◆ **Work request**
If pictures appear in the lines below, skip them and copy exactly the lines from the one containing "Pritschenwagen orange, Holzfahrzeuge" through the one containing "A Karo villager", and nothing else.

◆ **Data for this exercise**
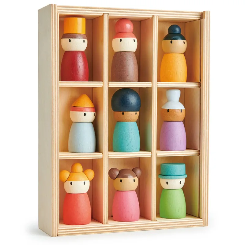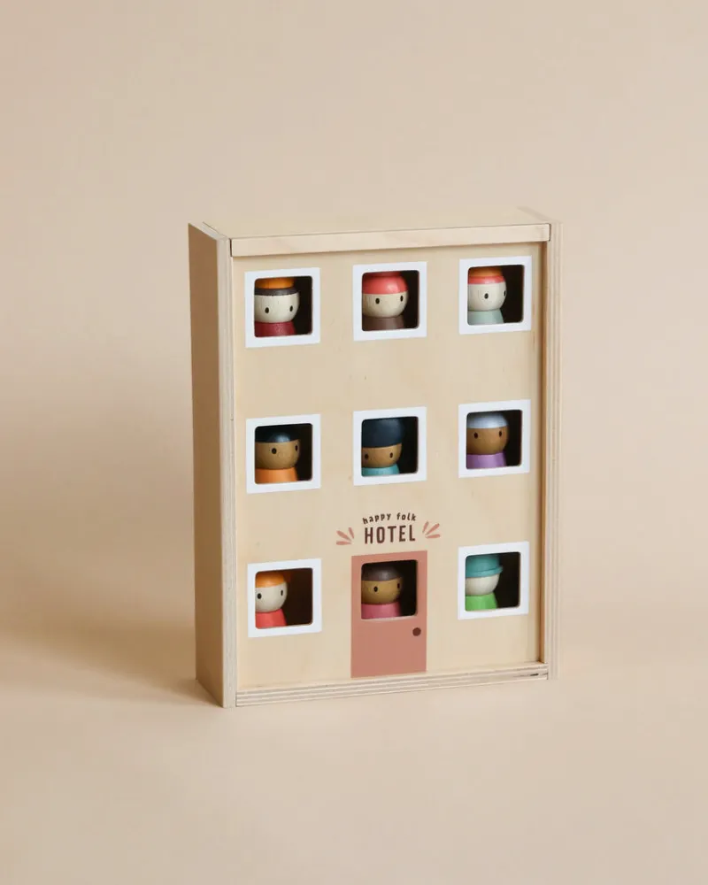 Part of our open-ended play, meet the 9 folks who reside at the happy hotel. Made from solid wood, colored with a soft water based stain, they can represent anyone you know. These little people are perfect for adding to any sort of creative or imaginative play, and can be perched easily on any surface.
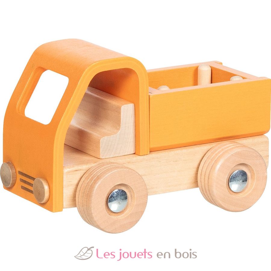 Pritschenwagen orange, Holzfahrzeuge der Marke Goki.
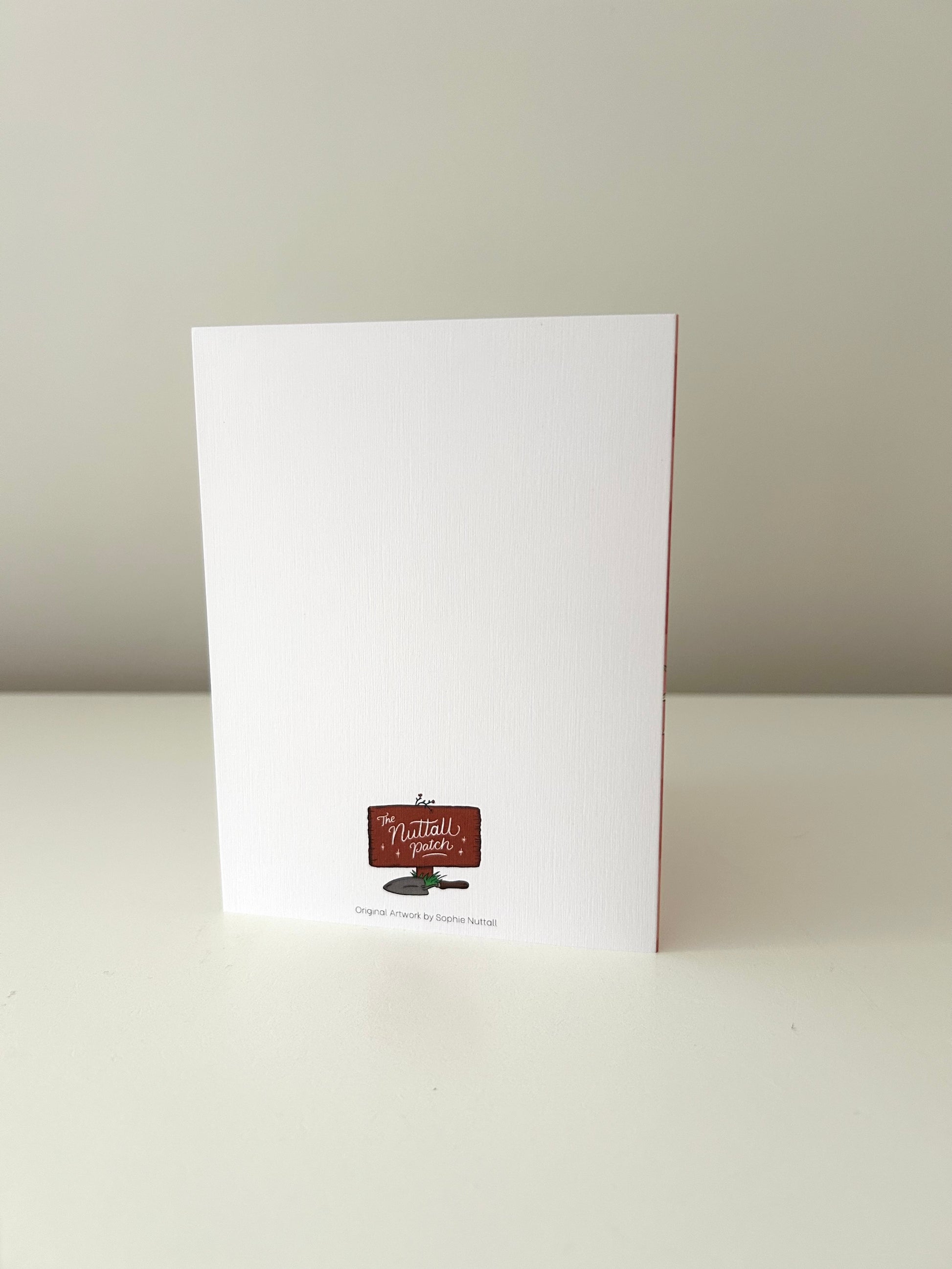 High quality print on cotton linen card stock, blank inside, packaged in plant based cello sleeves and with matching white envelope.
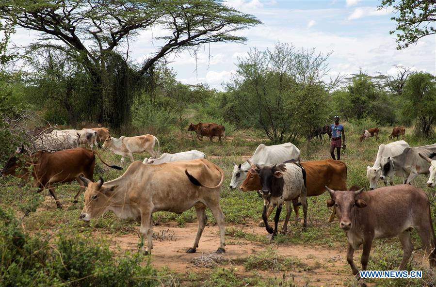 A Karo villager grazes cattle outside of his village near the Omo River in Southern Regional State, Ethiopia, Oct. 27, 2018. Karo people were famous for their artistic ornamental body painting. According to the local residents, male Karo villagers paint all of their bodies while the female only paint their faces with the natural materials grounded by stones nearby. (Xinhua/Lyu Shuai)
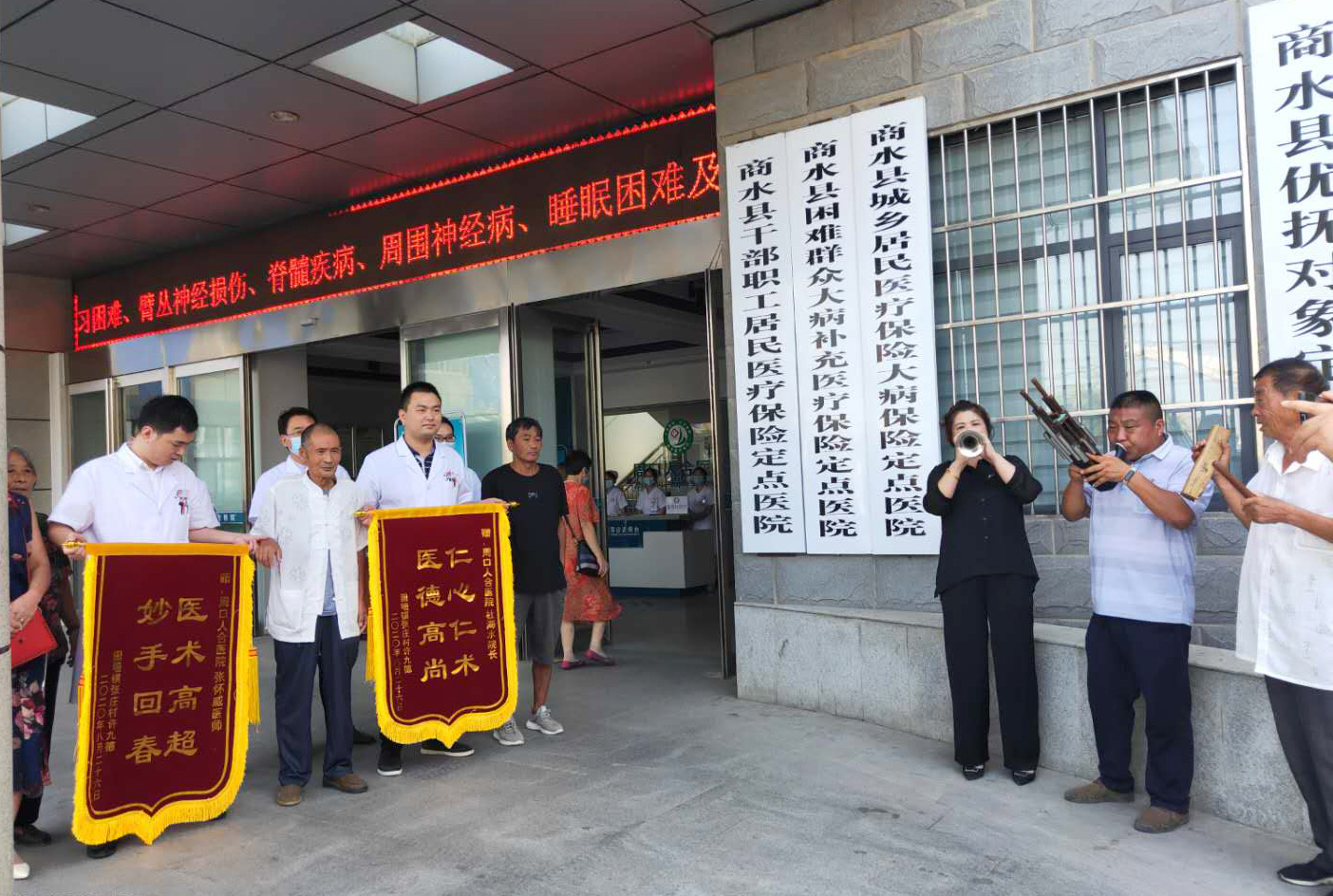 “醫(yī)術醫(yī)風醫(yī)德好,俺給好醫(yī)生送錦旗”,歡快高昂的嗩吶聲響徹周口人合醫(yī)院急診部門前,嗩吶手以歡快的音樂表達著感激的話語,8月27日上午10時,來自商水縣固墻鎮(zhèn)張莊村的許九德老人帶著家人和一班嗩吶手,來到周口人合醫(yī)院送來錦旗,以農(nóng)民最樸實的方式表達自己的謝意。

◆ **Output of the exercise**
 Pritschenwagen orange, Holzfahrzeuge der Marke Goki.
 High quality print on cotton linen card stock, blank inside, packaged in plant based cello sleeves and with matching white envelope.
 A Karo villager grazes cattle outside of his village near the Omo River in Southern Regional State, Ethiopia, Oct. 27, 2018. Karo people were famous for their artistic ornamental body painting. According to the local residents, male Karo villagers paint all of their bodies while the female only paint their faces with the natural materials grounded by stones nearby. (Xinhua/Lyu Shuai)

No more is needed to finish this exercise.